Reproduce the complete set of records exactly. No picture is to appear in the copy.

Saved entries:
==========
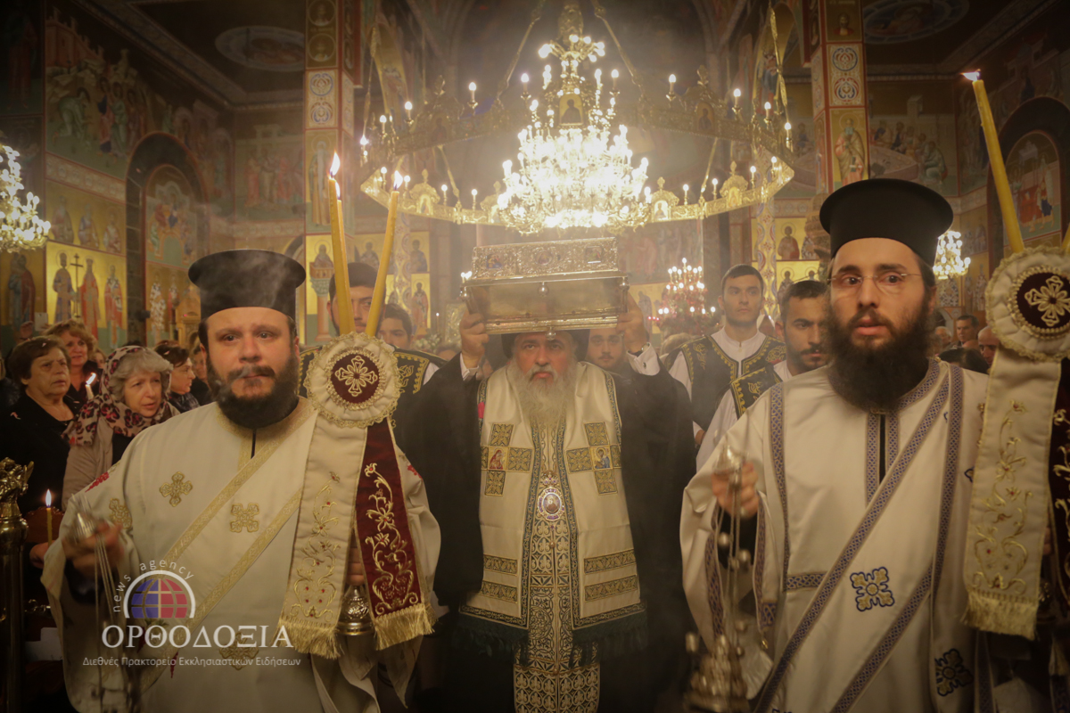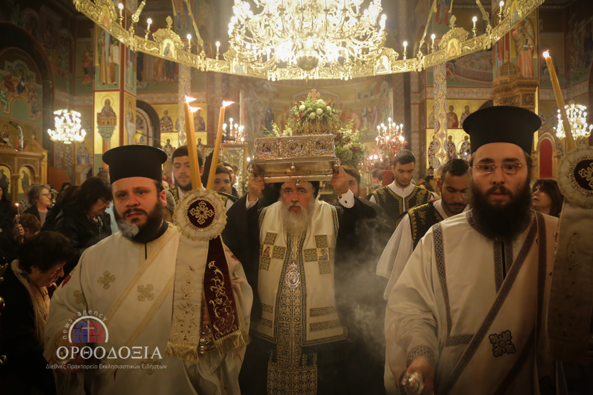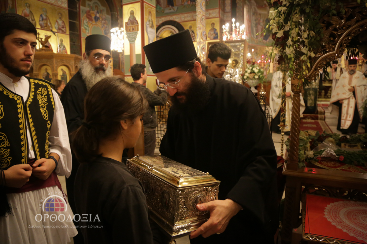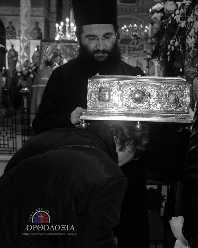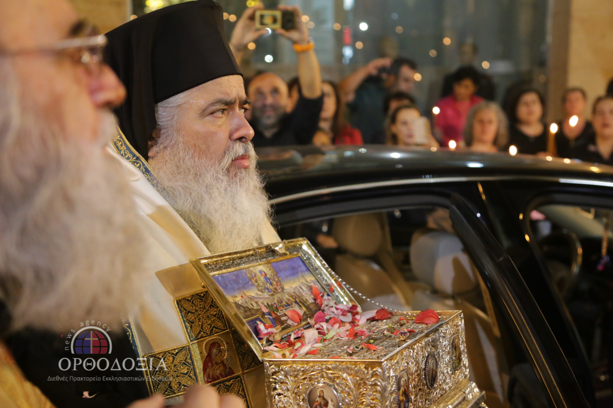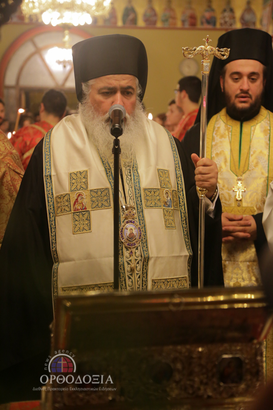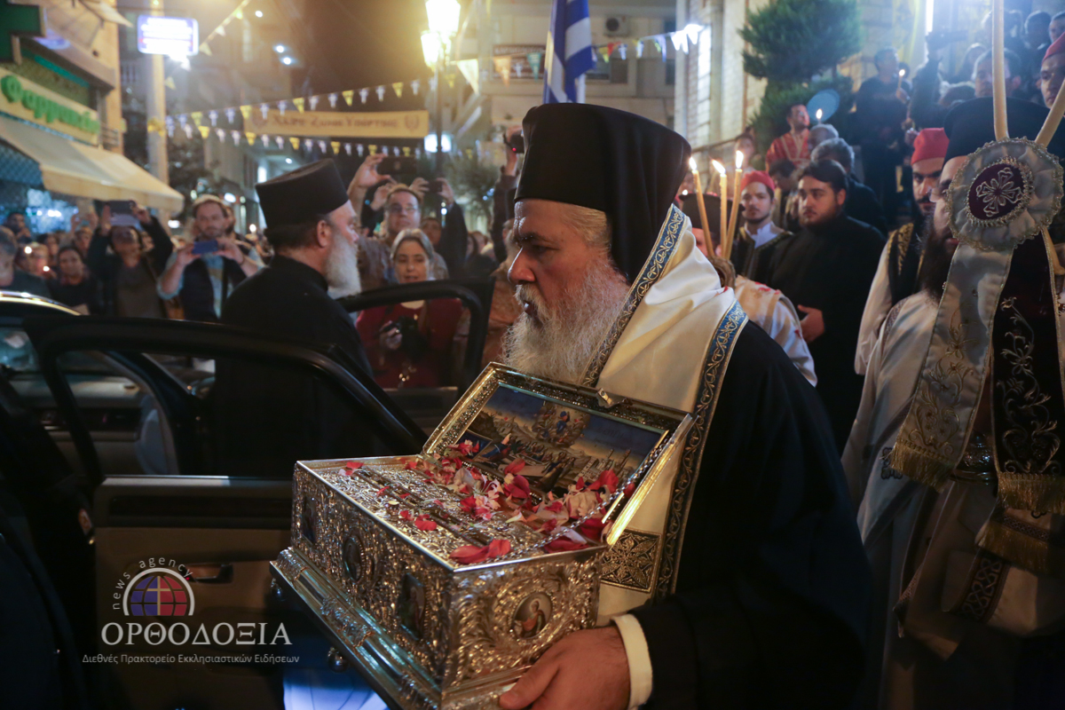 Ο Σεβασμιώτατος κ. Βαρνάβας κρατώντας ευλαβικά στα χέρια Του το μέγιστο της Ορθοδοξίας κειμήλιο ευλόγησε σταυροειδώς το συγκεντρωμένο πλήθος προσφέροντας σε όλους πλούσια τη θεομητορική ευλογία.
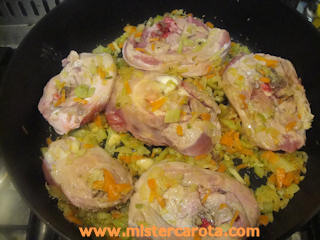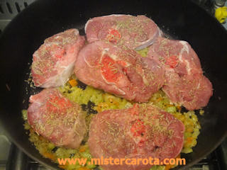 Aggiungere gli ossobuchi, spolverarli con origano, rosmarino, pepe e sale, farli rosolare e insaporire con le verdure da ambo le parti, coprire e lasciarli cuocere per 15-20 minuti.
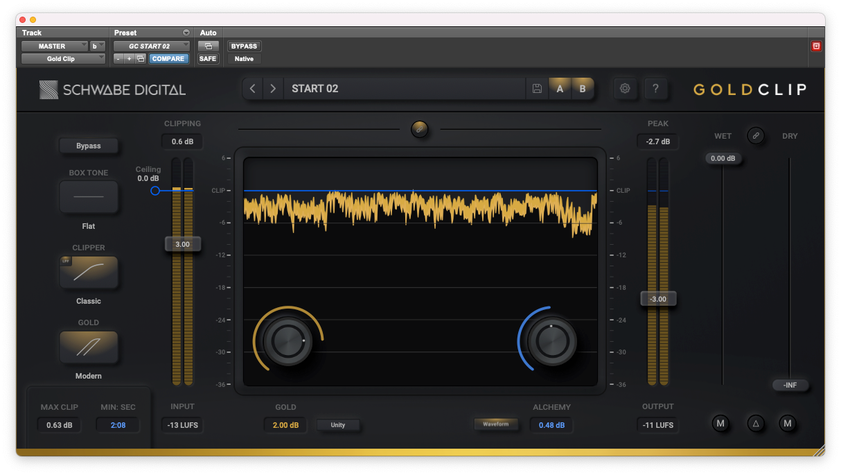 Schwabe Digital Gold Clip: the newest, shiniest addition to my mix bus. I typically spend a lot of time with a tool before incorporating it into my template, but this one secured its place pretty swiftly.
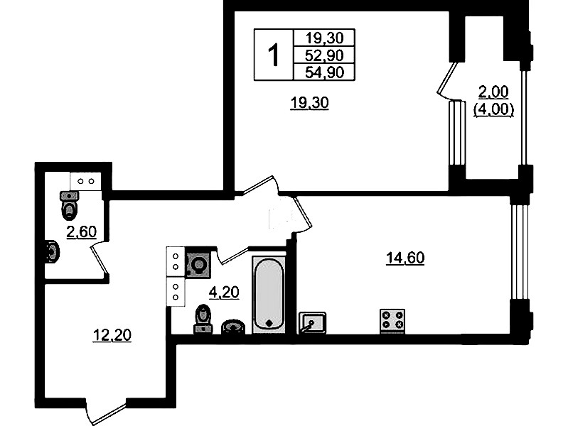 • Площадь54,9 м2
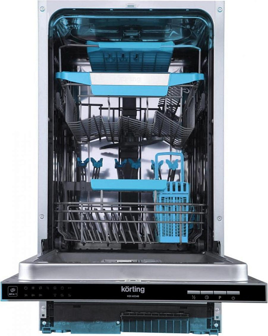 Панель управления посудомоечной машины Кертинг KDI 45340 организована кнопками. Запустить начало работы можно с отсрочкой старта до 9 часов. Анализатор автоматически оценивает жёсткость воды для установки оптимальных параметров. Функция половинной загрузки тратит столько воды, электроэнергии и моющего средства, сколько необходимо для очистки половины посуды, экономя ваш бюджет. Уровень шума не более 55 дБ обеспечит комфортную эксплуатацию даже в ночное время. А система полной защиты от протечек обезопасит от последствий случайной неисправности. На устройство распространяется гарантия производителя в течение 24 месяцев.
==========
**Exercise result**
 Ο Σεβασμιώτατος κ. Βαρνάβας κρατώντας ευλαβικά στα χέρια Του το μέγιστο της Ορθοδοξίας κειμήλιο ευλόγησε σταυροειδώς το συγκεντρωμένο πλήθος προσφέροντας σε όλους πλούσια τη θεομητορική ευλογία.
 Aggiungere gli ossobuchi, spolverarli con origano, rosmarino, pepe e sale, farli rosolare e insaporire con le verdure da ambo le parti, coprire e lasciarli cuocere per 15-20 minuti.
 Schwabe Digital Gold Clip: the newest, shiniest addition to my mix bus. I typically spend a lot of time with a tool before incorporating it into my template, but this one secured its place pretty swiftly.
 • Площадь54,9 м2
 Панель управления посудомоечной машины Кертинг KDI 45340 организована кнопками. Запустить начало работы можно с отсрочкой старта до 9 часов. Анализатор автоматически оценивает жёсткость воды для установки оптимальных параметров. Функция половинной загрузки тратит столько воды, электроэнергии и моющего средства, сколько необходимо для очистки половины посуды, экономя ваш бюджет. Уровень шума не более 55 дБ обеспечит комфортную эксплуатацию даже в ночное время. А система полной защиты от протечек обезопасит от последствий случайной неисправности. На устройство распространяется гарантия производителя в течение 24 месяцев.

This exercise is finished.